→ Records shown
+ + +
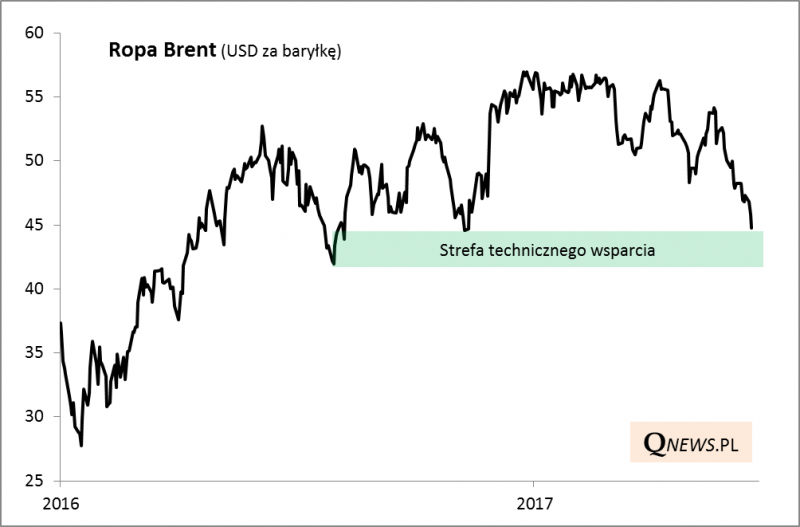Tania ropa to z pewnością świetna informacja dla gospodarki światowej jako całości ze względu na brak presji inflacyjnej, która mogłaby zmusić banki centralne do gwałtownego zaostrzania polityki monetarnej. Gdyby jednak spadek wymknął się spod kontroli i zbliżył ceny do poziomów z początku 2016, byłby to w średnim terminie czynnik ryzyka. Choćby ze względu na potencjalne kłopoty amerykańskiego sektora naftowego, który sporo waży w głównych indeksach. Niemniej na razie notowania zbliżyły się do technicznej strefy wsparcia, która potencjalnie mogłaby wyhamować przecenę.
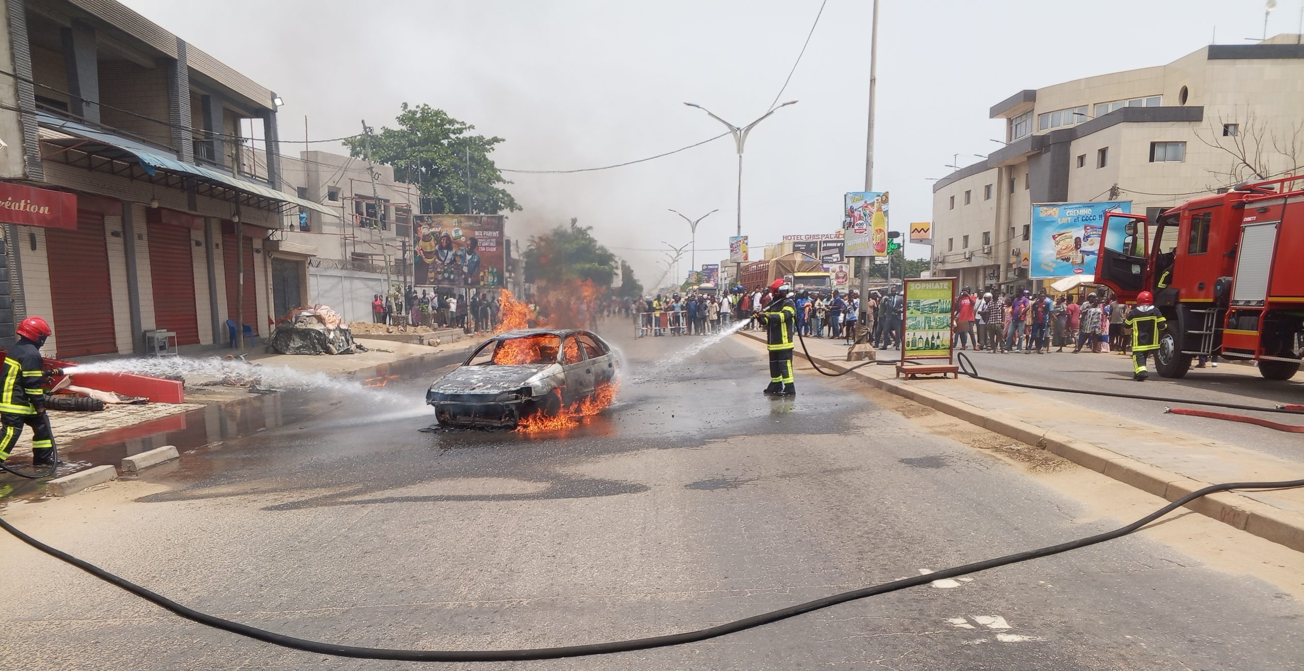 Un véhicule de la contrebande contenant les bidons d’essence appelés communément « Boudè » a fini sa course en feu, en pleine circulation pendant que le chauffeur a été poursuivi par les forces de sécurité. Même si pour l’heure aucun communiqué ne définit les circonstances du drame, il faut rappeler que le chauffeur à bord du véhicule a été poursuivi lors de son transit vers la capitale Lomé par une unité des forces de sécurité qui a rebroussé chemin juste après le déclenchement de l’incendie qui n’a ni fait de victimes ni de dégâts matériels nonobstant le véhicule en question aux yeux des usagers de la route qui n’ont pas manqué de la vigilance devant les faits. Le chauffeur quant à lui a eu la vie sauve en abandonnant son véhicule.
+ + +
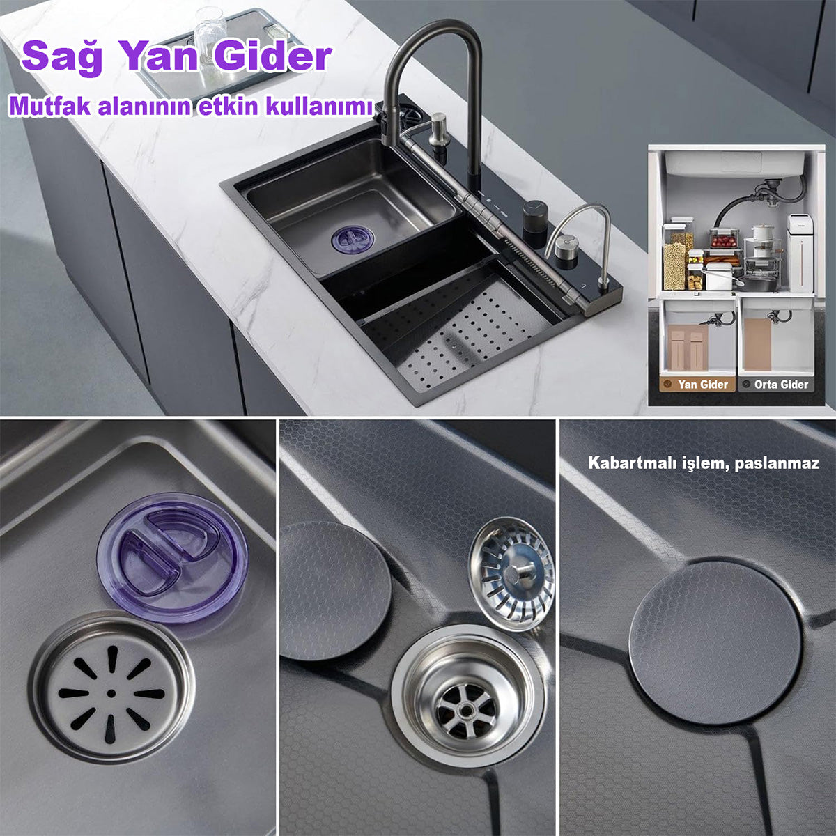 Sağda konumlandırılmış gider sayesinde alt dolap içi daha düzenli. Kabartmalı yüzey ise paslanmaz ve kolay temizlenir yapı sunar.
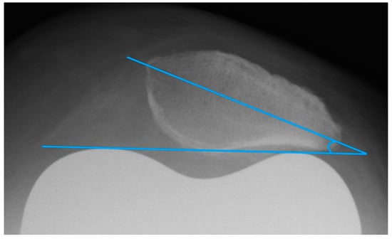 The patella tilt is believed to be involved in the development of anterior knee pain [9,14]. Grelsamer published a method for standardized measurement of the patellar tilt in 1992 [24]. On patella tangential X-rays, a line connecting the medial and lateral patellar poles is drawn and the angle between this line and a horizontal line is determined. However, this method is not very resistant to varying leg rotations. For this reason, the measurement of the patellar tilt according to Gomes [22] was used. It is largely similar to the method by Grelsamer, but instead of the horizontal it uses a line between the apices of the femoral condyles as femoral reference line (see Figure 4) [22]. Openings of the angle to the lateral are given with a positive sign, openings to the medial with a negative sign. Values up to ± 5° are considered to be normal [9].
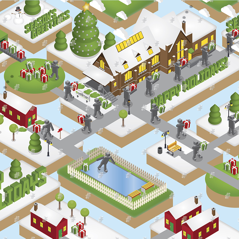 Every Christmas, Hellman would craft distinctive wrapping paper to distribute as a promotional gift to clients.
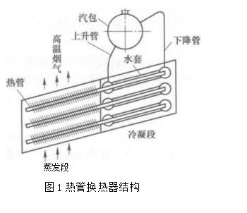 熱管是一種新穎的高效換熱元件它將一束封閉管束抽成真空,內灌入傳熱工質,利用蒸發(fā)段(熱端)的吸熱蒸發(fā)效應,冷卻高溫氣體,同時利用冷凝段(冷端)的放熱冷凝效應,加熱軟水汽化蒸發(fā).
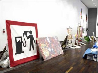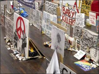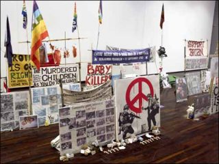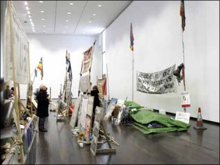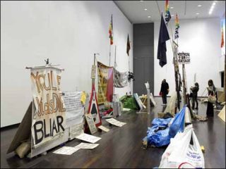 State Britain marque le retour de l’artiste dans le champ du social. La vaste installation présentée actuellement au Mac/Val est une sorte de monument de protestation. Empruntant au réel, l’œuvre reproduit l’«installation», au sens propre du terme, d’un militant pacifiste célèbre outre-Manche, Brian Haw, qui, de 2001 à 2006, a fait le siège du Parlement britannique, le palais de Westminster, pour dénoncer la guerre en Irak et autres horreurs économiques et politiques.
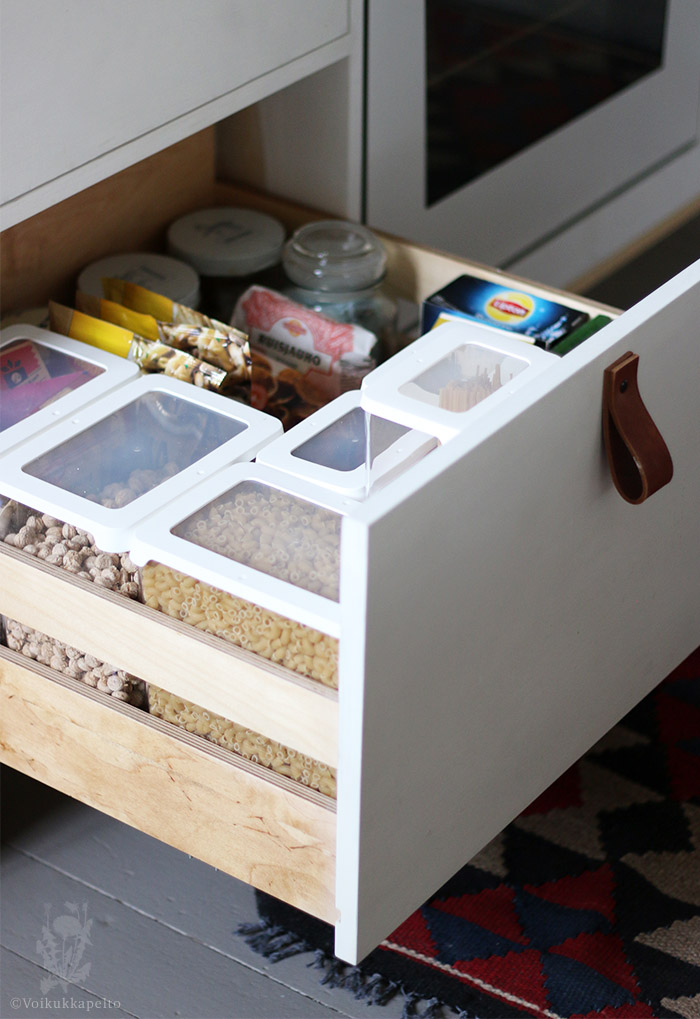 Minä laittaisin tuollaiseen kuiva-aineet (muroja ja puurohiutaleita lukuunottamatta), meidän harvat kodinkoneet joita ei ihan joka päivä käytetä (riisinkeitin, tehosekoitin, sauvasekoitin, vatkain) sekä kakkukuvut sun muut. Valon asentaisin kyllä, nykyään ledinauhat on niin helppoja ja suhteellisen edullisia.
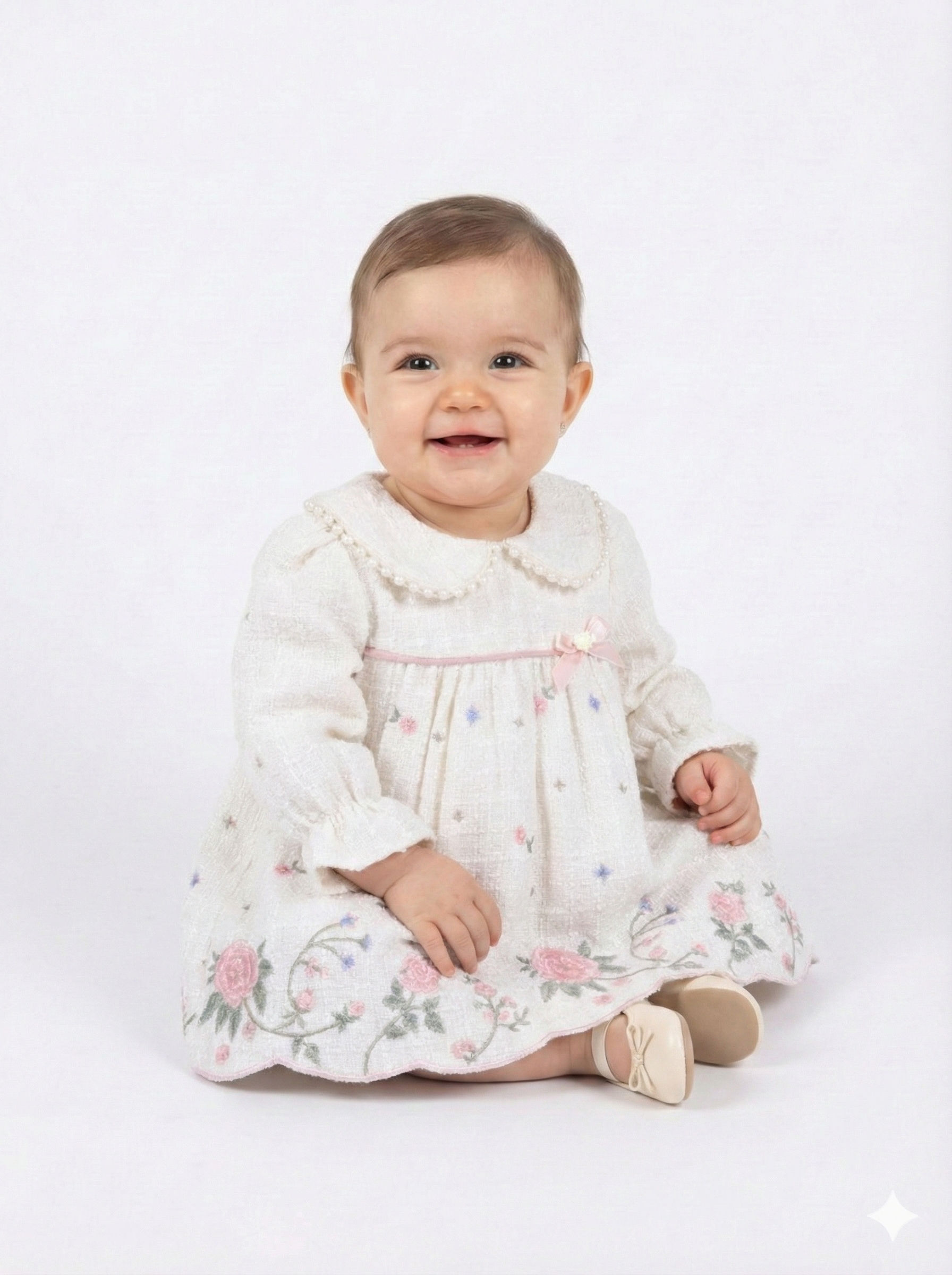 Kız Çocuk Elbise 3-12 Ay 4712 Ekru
+ + +
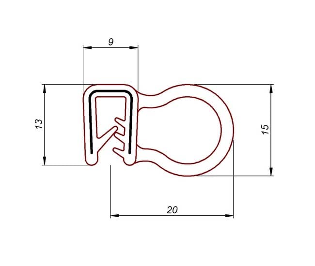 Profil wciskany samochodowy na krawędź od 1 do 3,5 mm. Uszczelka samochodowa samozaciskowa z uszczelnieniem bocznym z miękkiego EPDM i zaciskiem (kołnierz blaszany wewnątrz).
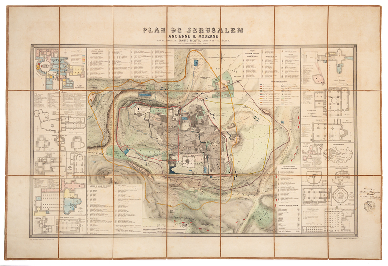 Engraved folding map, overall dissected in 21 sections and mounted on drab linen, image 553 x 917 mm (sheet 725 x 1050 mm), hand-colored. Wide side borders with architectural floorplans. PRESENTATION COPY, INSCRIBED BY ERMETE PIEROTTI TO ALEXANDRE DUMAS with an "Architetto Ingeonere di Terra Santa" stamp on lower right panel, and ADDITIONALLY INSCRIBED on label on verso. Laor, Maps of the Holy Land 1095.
+ + +
→ Exercise
Though the entries above contain pictures, none should be copied; reproduce only the lines between the one holding "Minä laittaisin tuollaiseen" and the one holding "Kız Çocuk Elbise 3-12 Ay 4712 Ekru", inclusive, exactly as written.

→ Answer for this exercise
 Minä laittaisin tuollaiseen kuiva-aineet (muroja ja puurohiutaleita lukuunottamatta), meidän harvat kodinkoneet joita ei ihan joka päivä käytetä (riisinkeitin, tehosekoitin, sauvasekoitin, vatkain) sekä kakkukuvut sun muut. Valon asentaisin kyllä, nykyään ledinauhat on niin helppoja ja suhteellisen edullisia.
 Kız Çocuk Elbise 3-12 Ay 4712 Ekru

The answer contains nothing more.